» **What is being asked**
Repeat the data that follows exactly, starting at the line with "土砂採掘跡地だった所に、緑化" and ending at the line with "EnfoDesk易觀智庫分析", and leave out every picture.

*** Records for the task Section Begins ***

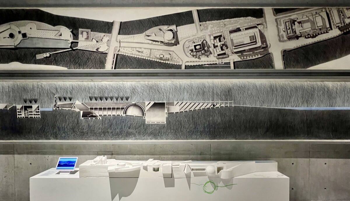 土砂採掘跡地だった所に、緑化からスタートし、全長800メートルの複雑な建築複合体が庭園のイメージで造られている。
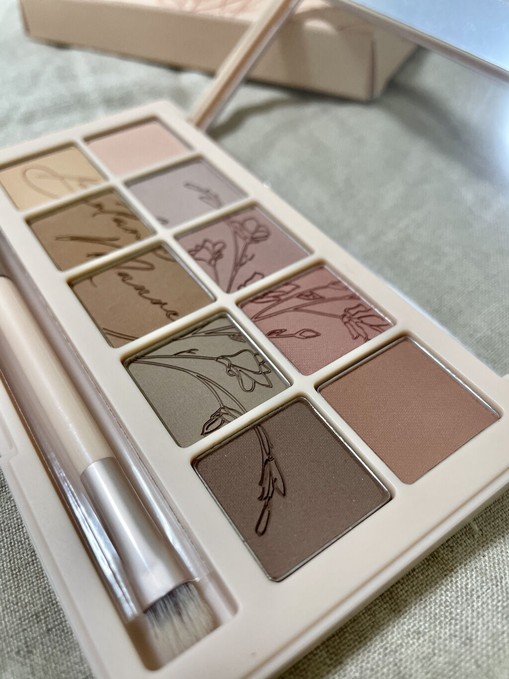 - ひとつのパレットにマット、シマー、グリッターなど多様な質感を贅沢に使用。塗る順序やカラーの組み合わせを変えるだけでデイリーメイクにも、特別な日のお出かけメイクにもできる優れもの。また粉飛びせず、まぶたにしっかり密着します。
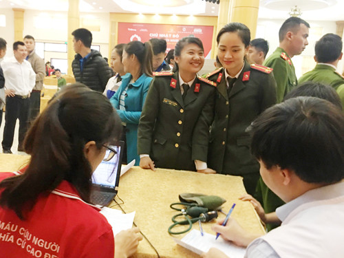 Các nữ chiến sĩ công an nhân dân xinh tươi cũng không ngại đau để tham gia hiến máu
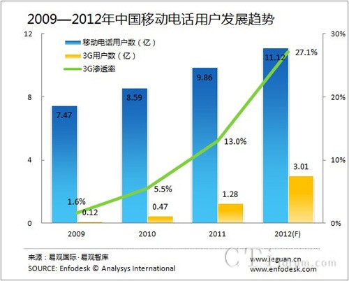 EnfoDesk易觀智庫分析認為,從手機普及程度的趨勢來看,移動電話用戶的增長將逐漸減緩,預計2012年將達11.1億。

*** Records for the task Section Ends ***
*** Records for the task Section Begins ***

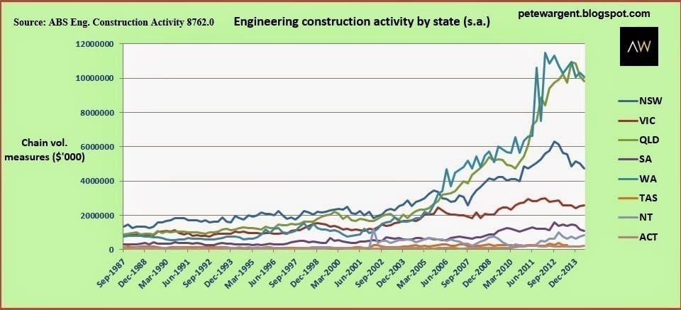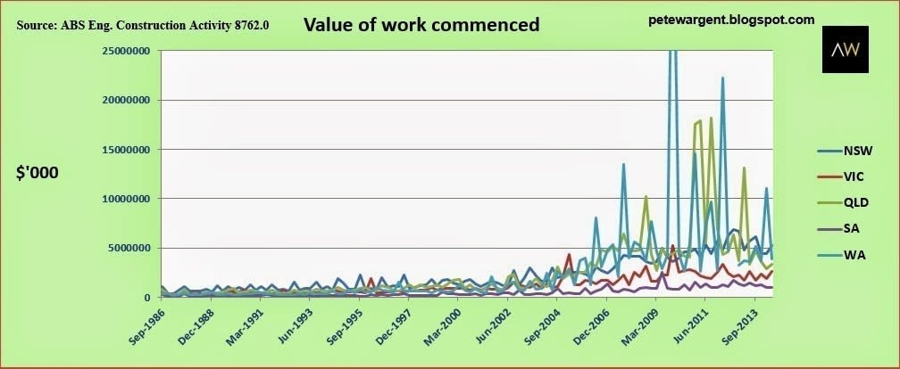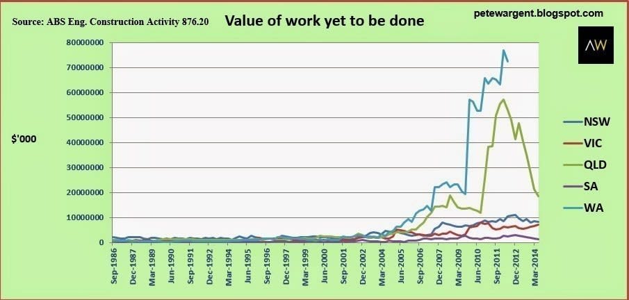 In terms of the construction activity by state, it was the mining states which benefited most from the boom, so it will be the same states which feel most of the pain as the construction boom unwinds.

*** Records for the task Section Ends ***
*** Records for the task Section Begins ***

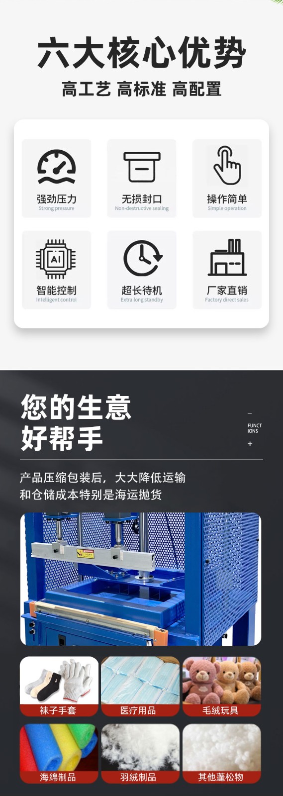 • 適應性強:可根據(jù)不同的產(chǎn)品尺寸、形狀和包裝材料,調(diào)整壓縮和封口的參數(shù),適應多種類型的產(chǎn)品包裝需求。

*** Records for the task Section Ends ***

» **Answer section**
 土砂採掘跡地だった所に、緑化からスタートし、全長800メートルの複雑な建築複合体が庭園のイメージで造られている。
 - ひとつのパレットにマット、シマー、グリッターなど多様な質感を贅沢に使用。塗る順序やカラーの組み合わせを変えるだけでデイリーメイクにも、特別な日のお出かけメイクにもできる優れもの。また粉飛びせず、まぶたにしっかり密着します。
 Các nữ chiến sĩ công an nhân dân xinh tươi cũng không ngại đau để tham gia hiến máu
 EnfoDesk易觀智庫分析認為,從手機普及程度的趨勢來看,移動電話用戶的增長將逐漸減緩,預計2012年將達11.1億。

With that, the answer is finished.